**The task:** Images are to be excluded, and the rest of the data repeated exactly.

**Data shown:**
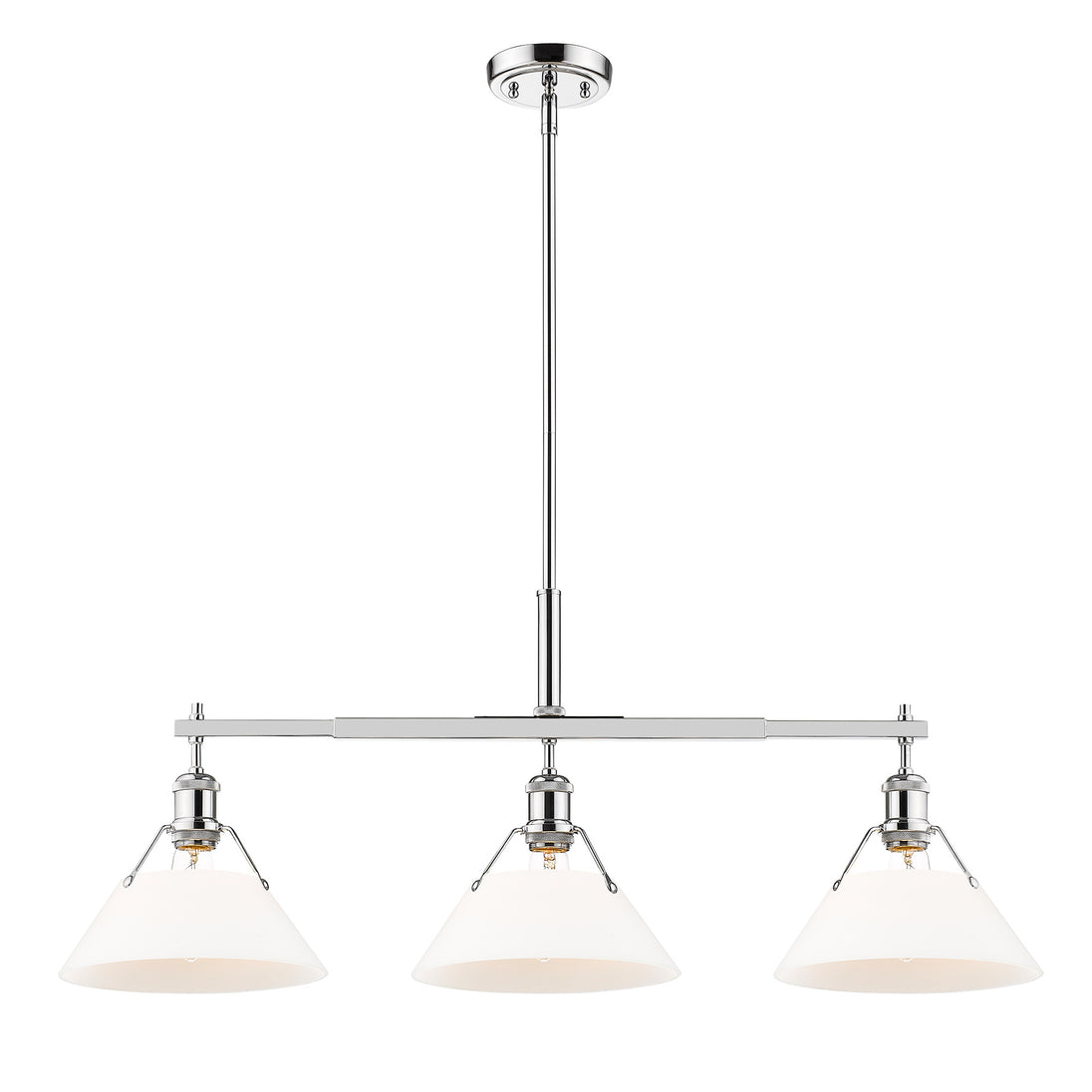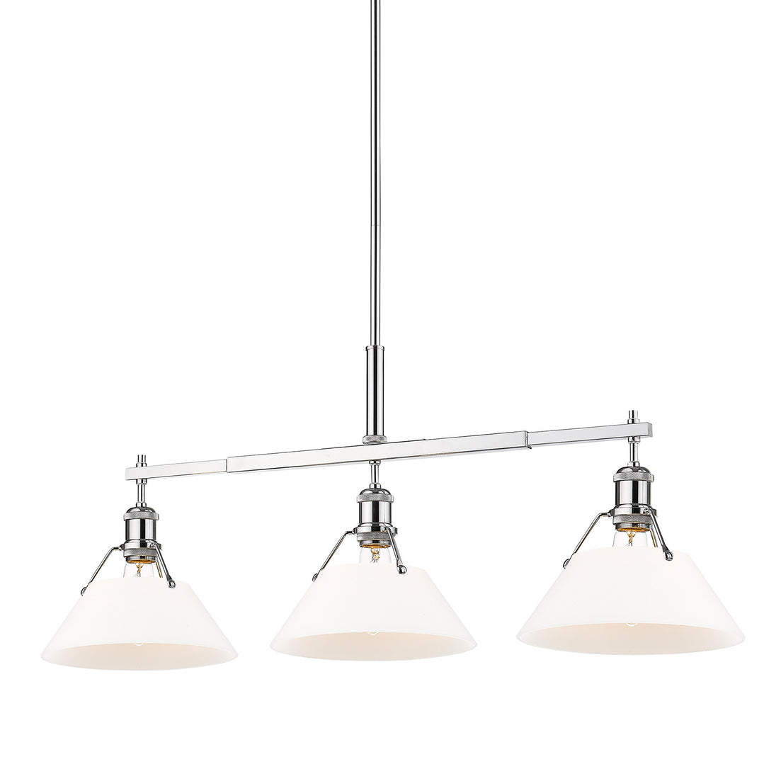 Bring industrial elegance into your home with the Yep by Golden Lighting Orwell 3-light Island Light. Featuring a glass shade and a chrome frame, it creates a welcoming atmosphere. The opal glass shade provides a smooth, satin-matte finish that diffuses light evenly for a soft, glare-free glow. The brilliant and timeless Polished Chrome finish offers a sleek, reflective surface, adding brightness and polished perfection to any space. Tailored for kitchen islands, this fixture is Dry Location Rated, making it ideal for indoor spaces like bedrooms, living rooms, and hallways. It is also sloped-ceiling compatible and has an adjustable height of 17.125" to 59.125". Overall dimensions are 35.75"W x 14.5"H x 10"D, requiring 3 E26 Medium base bulbs (not included) with a maximum wattage of 100 per bulb. Close with style and quality, this light fixture suits various modern decors.
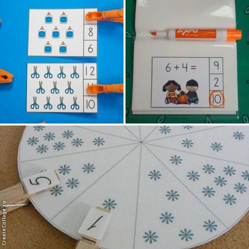 Предложите малышу сосчитать предметы на картинках и прикрепить прищепку с правильным числом на нужное место. А можно просто обвести цифру фломастером: Делюсь шаблонами математических карточек:
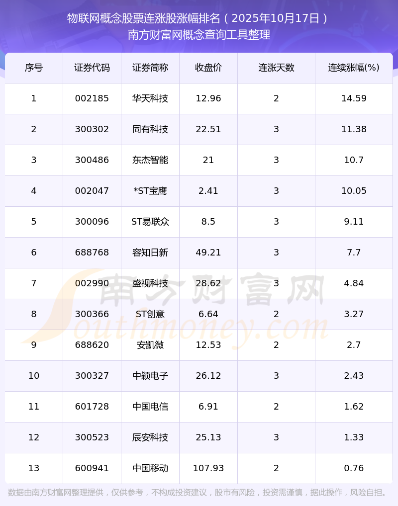 2025年10月17日物聯(lián)網(wǎng)概念股票連漲股漲幅排名
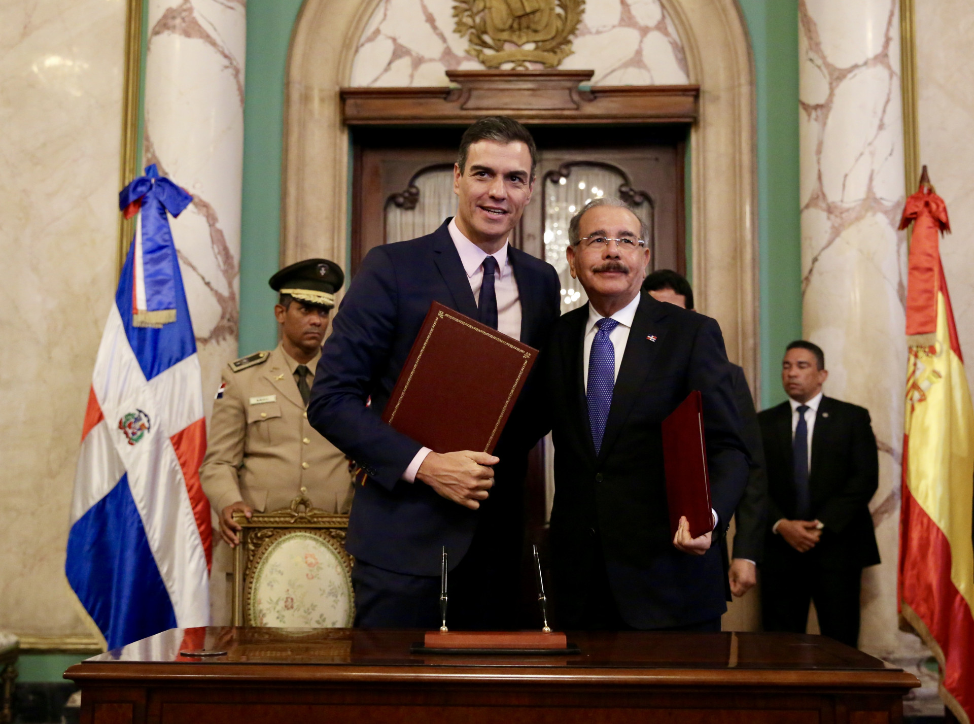 El presidente de la República Danilo Medina y su homólogo de España, Pedro Sánchez, durante la firma de dos acuerdos de cooperación internacional, realizados hoy en el marco de su viaje oficial a República Dominicana.
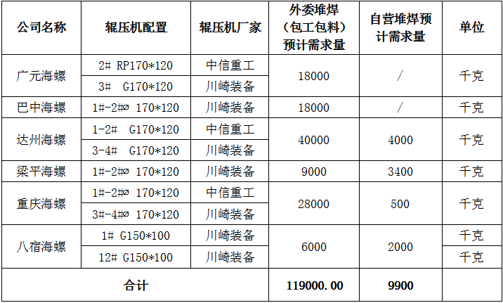 根據(jù)2022-2023年度水泥磨輥壓機(jī)輥面堆焊及日?;y層修補(bǔ)需求,海螺水泥川渝區(qū)域各子公司擬對輥壓機(jī)維修用耐磨焊絲進(jìn)行招標(biāo),為進(jìn)一步體現(xiàn)公開、公平、公正、擇優(yōu)的原則,拓寬采購渠道,保證采購質(zhì)量,現(xiàn)將招標(biāo)相關(guān)信息公告如下:
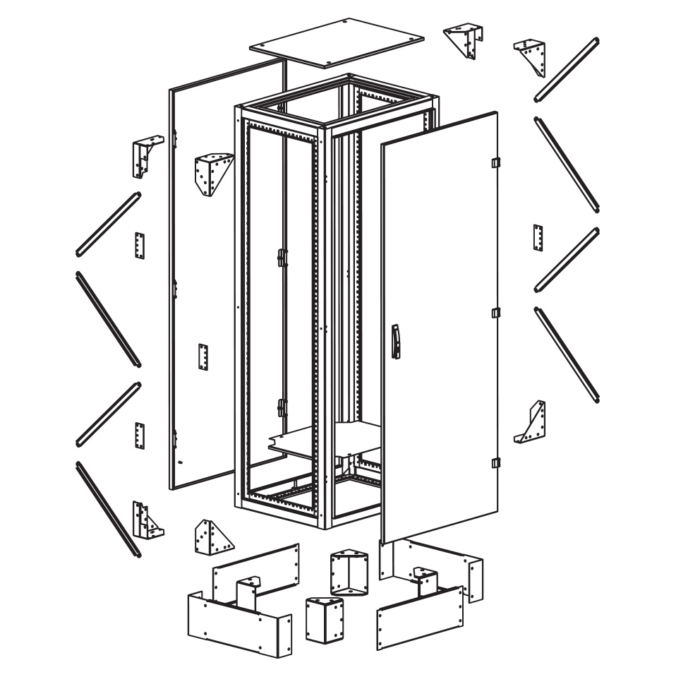 Комплект постачання: | каркас зі стельовою панеллю, двері із замком, стінка задня, суцільний захист дна, к-т для сейсмостійкості з цоколем 200 мм, к-т заземлення, ключ, упаковка |

**Solution to the exercise:**
 Bring industrial elegance into your home with the Yep by Golden Lighting Orwell 3-light Island Light. Featuring a glass shade and a chrome frame, it creates a welcoming atmosphere. The opal glass shade provides a smooth, satin-matte finish that diffuses light evenly for a soft, glare-free glow. The brilliant and timeless Polished Chrome finish offers a sleek, reflective surface, adding brightness and polished perfection to any space. Tailored for kitchen islands, this fixture is Dry Location Rated, making it ideal for indoor spaces like bedrooms, living rooms, and hallways. It is also sloped-ceiling compatible and has an adjustable height of 17.125" to 59.125". Overall dimensions are 35.75"W x 14.5"H x 10"D, requiring 3 E26 Medium base bulbs (not included) with a maximum wattage of 100 per bulb. Close with style and quality, this light fixture suits various modern decors.
 Предложите малышу сосчитать предметы на картинках и прикрепить прищепку с правильным числом на нужное место. А можно просто обвести цифру фломастером: Делюсь шаблонами математических карточек:
 2025年10月17日物聯(lián)網(wǎng)概念股票連漲股漲幅排名
 El presidente de la República Danilo Medina y su homólogo de España, Pedro Sánchez, durante la firma de dos acuerdos de cooperación internacional, realizados hoy en el marco de su viaje oficial a República Dominicana.
 根據(jù)2022-2023年度水泥磨輥壓機(jī)輥面堆焊及日?;y層修補(bǔ)需求,海螺水泥川渝區(qū)域各子公司擬對輥壓機(jī)維修用耐磨焊絲進(jìn)行招標(biāo),為進(jìn)一步體現(xiàn)公開、公平、公正、擇優(yōu)的原則,拓寬采購渠道,保證采購質(zhì)量,現(xiàn)將招標(biāo)相關(guān)信息公告如下:
 Комплект постачання: | каркас зі стельовою панеллю, двері із замком, стінка задня, суцільний захист дна, к-т для сейсмостійкості з цоколем 200 мм, к-т заземлення, ключ, упаковка |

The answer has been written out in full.